Out of Long Island’s North Shore, Jeffrey Bilhuber created a home out of a seventeenth-century house by melding it with his own past, present and future.
The New York based decorator led Vogue’s Hamish Bowles on a grand tour of a country mansion named ‘Hay Fever,’ tucked under a blanket of beech wood and dogwood trees. The carefully executed renovation of the house structure and its interiors are a source of inspiration.
House-hunting Bilhuber settled on ‘Hay Fever’ for reasons many buy historic houses – its quality. “The houses got bigger,” he told Vogue. “But none of them got any better.”
The house was originally a one-story structure, built by Captain John Underhill in 1668 and added onto throughout the centuries. It was a private boys’ school in the 1840’s and later belonged to antiques collector and dealer Jane Robinson, known for her stone house on East Sixty-First Street in Manhattan, which is now the Abigail Adams Smith Museum.
But it was only until the 40’s when the house, nearing demolition, was acquired by Edith Hay Wyckoff and earned the moniker ‘Hay Fever.’
Bilhuber kept the house’s venerable past in mind – he had every tile and floorboard carefully removed so the infrastructure could be restored. For appropriate paint colors and trim of the period, Bilhuber did some leg work, consulting with curators.

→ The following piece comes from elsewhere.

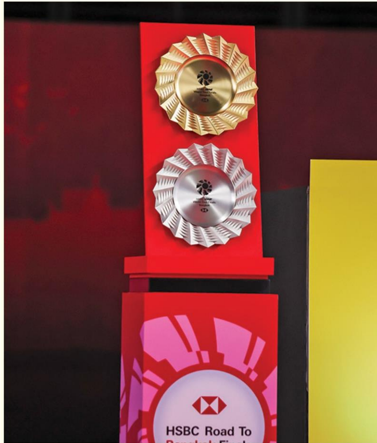
ถ้วยรางวัลต่างๆ

ขณะที่นักกีฬาต่างชาติ ก็แสดงความชื่นชมเป็นเสียงเดียวกัน ว่าไทย เป็นเจ้าภาพได้อย่างสมบูรณ์แบบ ทั้ง ระบบขนส่ง แบบนิวนอร์มอลของศบค. ในการรองรับนักกีฬา เจ้าหน้าที่ กว่า 800 คน ที่แต่ละชาติ จะมีรถบัสประจำ ชาตินั้น ๆ ในการเดินทางไปสนามซ้อม และสนามแข่งขัน นั่งห่างกัน มีพื้นที่ วางอุปกรณ์แข่งขันแยกเฉพาะ และมีการทำความสะอาดอยู่ตลอดเวลา รวมทั้งไทยยังได้ลงทุน เปิดห้องฟิตเนส ที่มีอุปกรณ์ในการออกกำลังกายระดับโลก ให้ถึง 3 ห้องตั้งอยู่ในอิมแพค อารีนา เมืองทองธานี เพื่อให้ นักกีฬาทุกคน ได้เตรียมความพร้อมของร่างกาย ก่อนเริ่มการแข่งขันในครั้งนี้ อีกด้วย โดยมีการทำความสะอาดห้องฟิตเนส อยู่อย่างต่อเนื่องเช่นเดียวกัน

The mansion has old English charm with tufted chairs in the living room in a shocking Prussian blue and purple hue, or charcoal gingham chairs in the playroom. In the bedrooms upstairs, Bilhuber mixes large florals, enlivened by wicker furniture and indoor fauna. Even the wallpaper in many of the rooms were a take on old classics – a lemon lime ‘Cadiz’ print and a red ‘Climbing Hydrangea.’
Perhaps the most breathtaking arrangement can be found in the Empire master bedroom, where incredible bolts of crimson linen create the illusion of a four-poster bed.
Amidst Bilhuber’s clever mix of old and new, the decorator is sure to include family heirlooms and precious keepsakes. A framed set of christening robes from his father and uncle hang above a pillow on printed with the British flag sitting on a sofa in the living room. Not far is a portrait of Johann Christoph on the wall, the decorator’s great-great-great-great-great- great-grandfather.
“I thought about all my ancestors when I thought about this house,” he told Vogue. “We all bring these memories that stay with us forever.”